The other sort of experiment is that I pull down a protein complex, or that I’m looking at a yeast cell lysate or something of that nature. In that case it would be interesting to find phosphorylated proteins from that; that’s more what I’d call a proteomics sort of phosphorylation analysis.
Are you interested in getting an ETD accessory?
So we have ECD on our FT instrument. We do not have ETD yet -- it’s one of those things where I’m going to let my friends try it first. It’s a significant investment and I’m not sure how well the instrument manufacturers have engineered this just yet.
Professor, analytical chemistry
Are you looking into the ETD approach?
The electron transfer turns out to be one class of reactions that is particularly attractive for characterizing post-translational modifications that are otherwise fairly labile under conventional techniques. In terms of my work, ETD is a class of reactions that we’re studying. We’re also studying other kinds of ion-ion reactions, like proton transfer reactions and metal transfer reactions -- things that we think have relevance to protein structural characterization.
One example of something we’ve done recently: we’re interested in making these ETD reagents in different ways. The way people generally make an ETD reagent is with chemical ionization or some gas phase technique where you have to volatilize your neutral compound.
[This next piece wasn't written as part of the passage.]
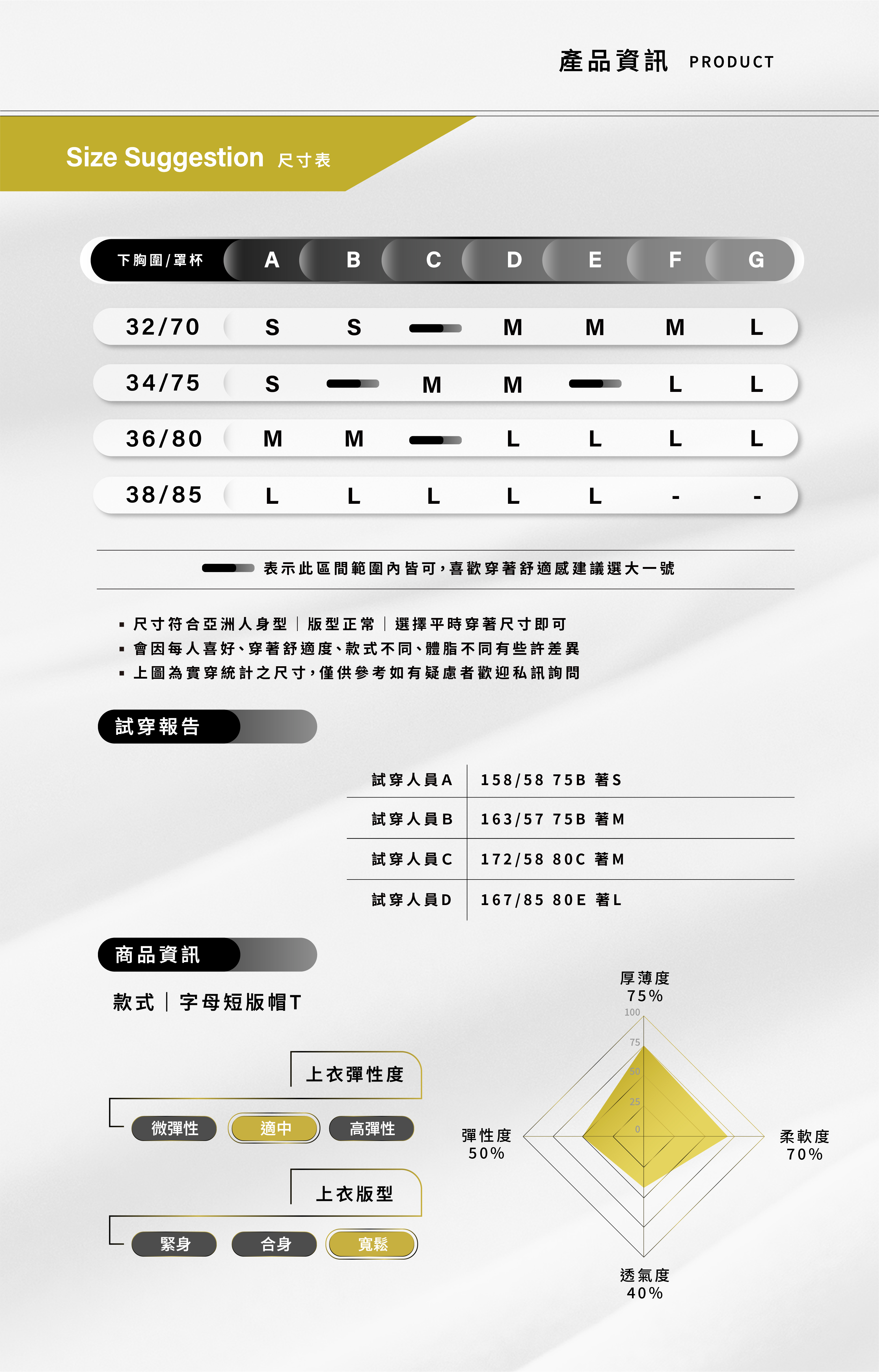 158cm / 58-60kg / 75B / 穿S號

We wanted to make an ETD reagent by electrospray. That’s a little bit tricky because most things that yield strong signals by electrospray are either strong acids or strong bases -- so they really want to do proton transfer, they don’t want to engage in electron transfer.
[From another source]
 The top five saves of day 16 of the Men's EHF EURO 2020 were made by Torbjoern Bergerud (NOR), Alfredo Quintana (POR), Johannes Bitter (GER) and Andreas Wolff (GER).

We solved this problem by spraying carboxylic acids attached to PAHs, and it turns out that these things fragment by loss of CO2 when they’re in the mass spectrometer if you activate them. So what you end up with is a product which is a nice electron transfer reagent. We’re searching for more efficient reagents, that are a bit higher in mass than ones that are commonly used. The reason why we want that is in these electron dynamic ion traps that we use as reaction vessels, they have a limited dynamic range in terms of the range that can be stored. If you’re studying a high-mass biomolecule of interest, ideally you’d like to have a relatively high mass reagent so that you can store them in the same place at the same time.
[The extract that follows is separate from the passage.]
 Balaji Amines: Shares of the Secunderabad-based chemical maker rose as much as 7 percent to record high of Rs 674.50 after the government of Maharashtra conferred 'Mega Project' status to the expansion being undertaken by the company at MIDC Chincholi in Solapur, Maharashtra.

Department of Clinical Medicine
University of Oxford
You don’t have an ETD in your own lab. Are you waiting to see how it fares?
ETD, especially last year in the meetings, was praised as something that could add something significantly new to our analysis of post-translational modifications. In some cases, like in phosphorylation, it helps because it encourages the phosphate group to stay on the site chain even during fragmentation. It also helps for glycosylation. For these kinds of modifications, I’ve seen examples where ETD actually was helpful -- but that’s about it.
There is a lot you can still do with more classical instruments. If you do your experiments right, with a good ion trap where it can do MS to the N experiments, or a Q-TOF where you can do exact neutral loss type experiments, you can do a lot.
How are you doing phosphorylation analysis if you’re not using ETD?
We do either a classical DVA experiment on the ion trap or Q-TOF, or exact neutral loss experiments using [a] label-free [method]. We have this Q-TOF label-free quantitation system, it’s actually called protein expression profiling, that can be used to quantitate phosphorylation sites as well. It’s not only a qualitative analysis, it’s also quantitative: you can determine ratios, different phosphorylation states, and so forth.